For doing things like how return is a different colour - it might be simple enough to have just different categories of keywords. Could then use two classes of hljs-keyword and additionally hljs-keyword-N where N is the category/group index. That way this isn't coded too specifically to a language construct, just an extension of how the existing code base works. While saying this though, return might be the only case in C# like that which I can recall off the top of my head so this entirely might be overkill.

The other cases start to get a bit more difficult as they rely on greater context and are more language specific. Like its easy enough to have a Regex pick up "IInterface" as C# follows the convention of an "I" prefix on interfaces however many languages don't have interfaces. Then are we splitting declaration of an interface (public interface IInterface) from its use like a cast (IInterface)myObj? I could live without this being specifically detected.

One thought I had was also potentially separating out and/or allowing extension of "built_in". That is, while the built-in types might work well from something like JS, if we counted the entire System namespace in C# as built-in (which it effectively is), there would be hundreds of items which would be a huge bloat to the language definition. Being able to define or extend it to be more like "known types" as a separate package could allow flexibility both ways.

So after writing all this, I think really two specific pieces would be helpful and easy enough to approach:

Turnerj commented 4 years ago

Also if you attached plain-text versions for anyone who wanted to play with this that'd be greatly appreciated.

Not entirely sure what you mean here. Like I know what "plain text" is but are you referring to the actual code snippet from the earlier screenshots and just wanting a non-image copy of it? Happy to do that, just not sure if that's what you meant.

joshgoebel commented 4 years ago

but are you referring to the actual code snippet from the earlier screenshots

Yes.

joshgoebel commented 4 years ago

I wonder what theme you were using there since many of the "titles" are indeed highlighed.

Screen Shot 2020-04-21 at 10 56 51 PM
joshgoebel commented 4 years ago

Extending built-in/known types (initially I could just add super common ones like List or Math though ideally would still want some more exotic - but still built-in - types to be included)

Definitely open to this. One of the easiest things, for sure.

Like its easy enough to have a Regex pick up "IInterface" as C# follows the convention of an "I" prefix on interfaces

Seems reasonable, except we already seem to highlight interfaces as titles from where I'm sitting.

and instead could have hljs-invocation as it is exactly what we are doing.

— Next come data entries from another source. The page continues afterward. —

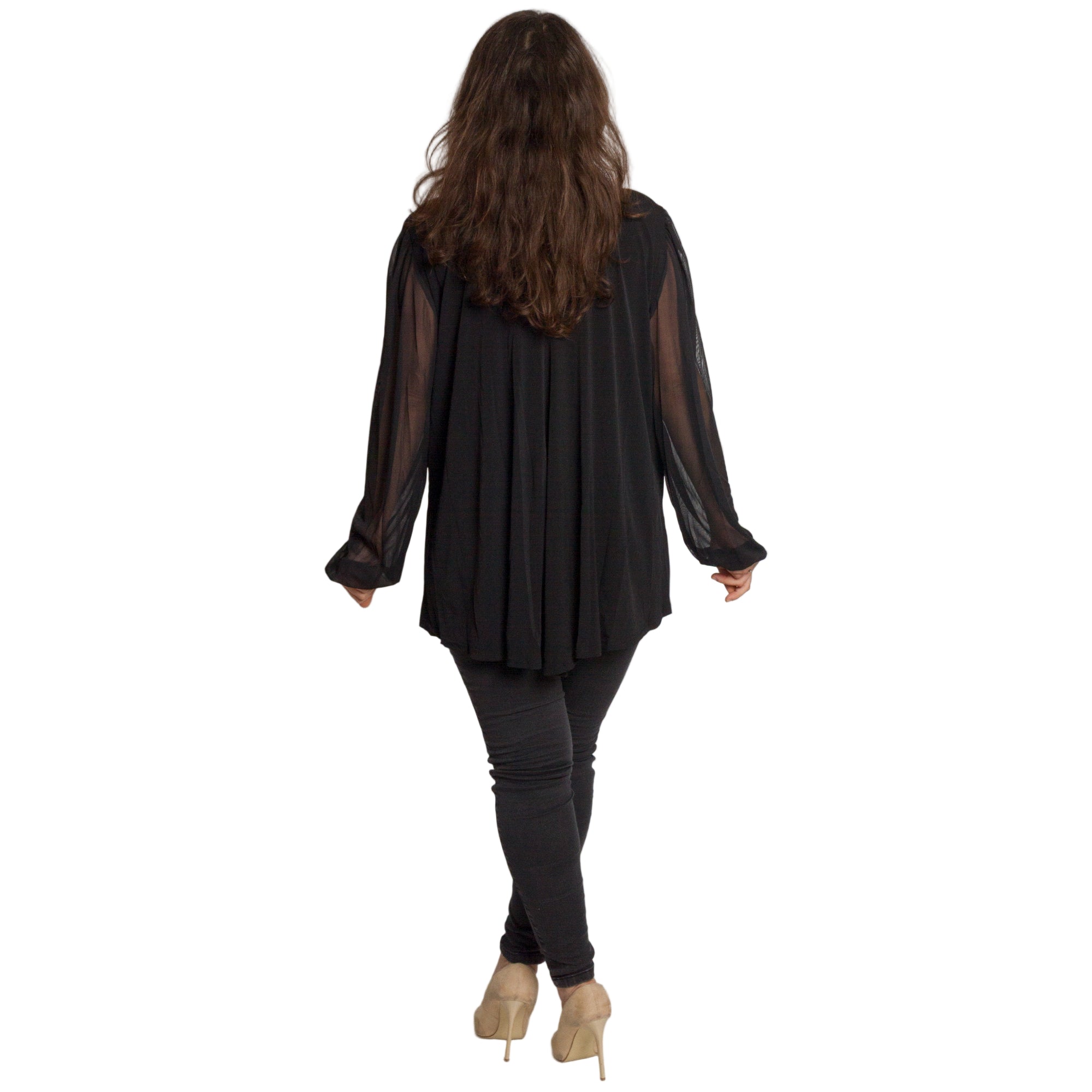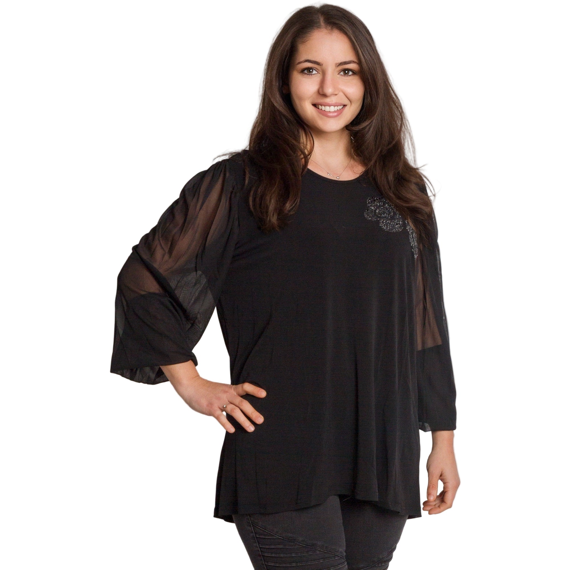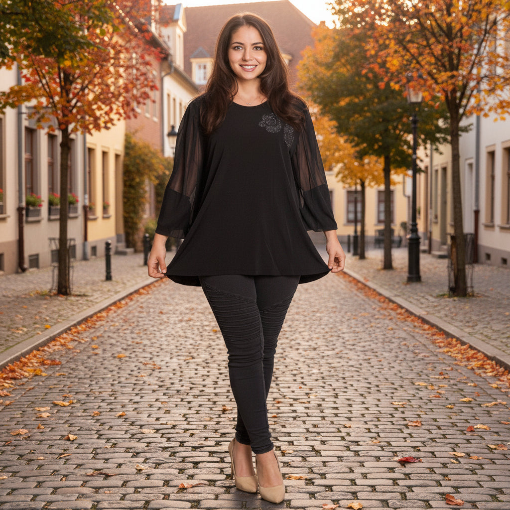 Черна разкроена туника с тюл ръкави и блестяща апликация
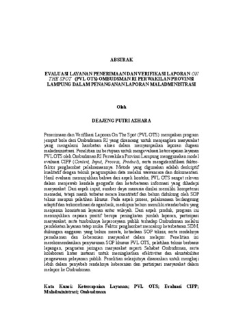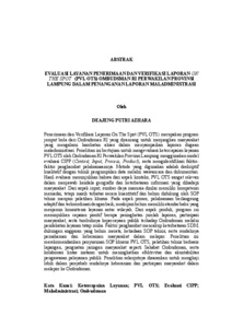 Deajeng , Putri Azhara (2025) EVALUASI LAYANAN PENERIMAAN DAN VERIFIKASI LAPORAN ON THE SPOT (PVL OTS) OMBUDSMAN RI PERWAKILAN PROVINSI LAMPUNG DALAM PENANGANAN LAPORAN MALADMINISTRASI. FAKULTAS ILMU SOSIAL DAN ILMU POLITIK, UNIVERSITAS LAMPUNG.
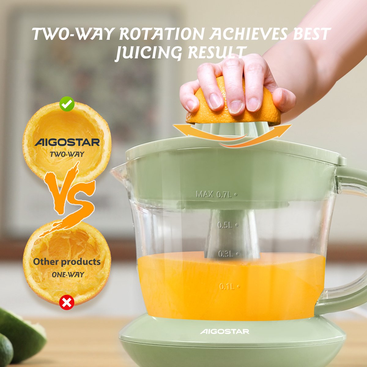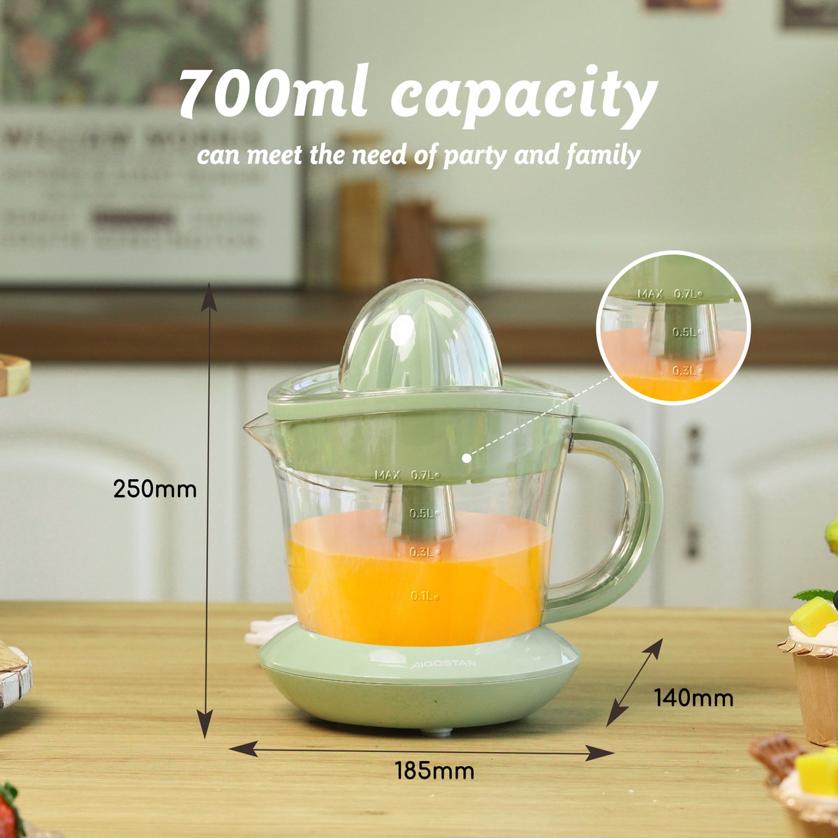 Volwassenen hebben tussen de 75 en 102 mg vitamine C per dag nodig. Het drinken van een glas na de lunch kan de vetopname verminderen, de spijsvertering verbeteren en dorstgevoelens wegnemen. Haal het meeste uit je citrusvruchten met onze veelzijdige Aigostar citruspers en geniet met gemak van vers sap! De opvangbak heeft een capaciteit van 0,7 liter, dus je kunt genoeg sap persen voor 3-4 kopjes of het sap bewaren in de koelkast. Draai de perskegel naar links en rechts om een zeer grote hoeveelheid sap te krijgen!
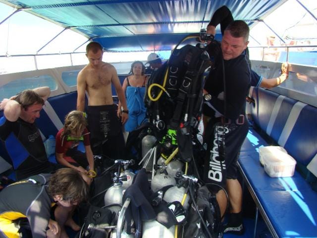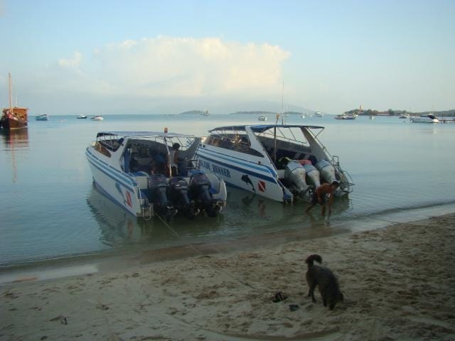 Pinnan allehan oli tietysti myös päästävä ja niinpä sitten keskiviikkoaamuna liityimme muutaman ranskalaisen, britin, venäläisen ja kiinalaisen seurassa Koh Taon saarelle menevään retkikuntaan eli siis yhteen niistä varmaankin lähes kymmenestä muusta veneestä, sukellusretkitarjontaa kun täällä tosiaan on vaikka joka mutkassa. Aamuseiskalta meidät noudettiin hotellilta ja kasilta pääsimme jo starttaamaan satamasta. Kolmen 225 hevosvoiman perätuupparin vauhdittamana matka Koh Taon saarelle ei ottanut meiltä puoltatoista tuntia enempää ja pinnan alle päästiin jo ennen yhtätoista.
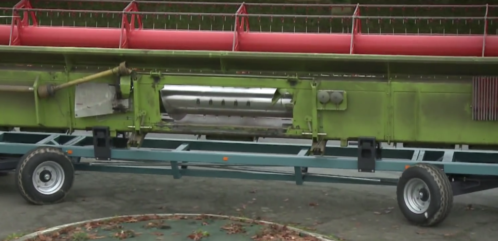 According to the manufacturer, the length of the combine trailer is the same as the width of the combine header and “doesn’t take up too much space”.

Naming sounds reasonable but I can't see adding it to core unless we had some automated way of updating all the existing themes... like perhaps copying another style or some sort of automated "adjustment" of styles... ie invocation is just like xyz, but 20% brighter, dimmer, etc...

There is no point in a new class (in core) if only 1% of the themes support it.

One thought I had was also potentially separating out and/or allowing extension of "built_in". That is, while the built-in types might work well from something like JS, if we counted the entire System namespace in C# as built-in (which it effectively is), there would be hundreds of items which would be a huge bloat to the language definition. Being able to define or extend it to be more like "known types" as a separate package could allow flexibility both ways.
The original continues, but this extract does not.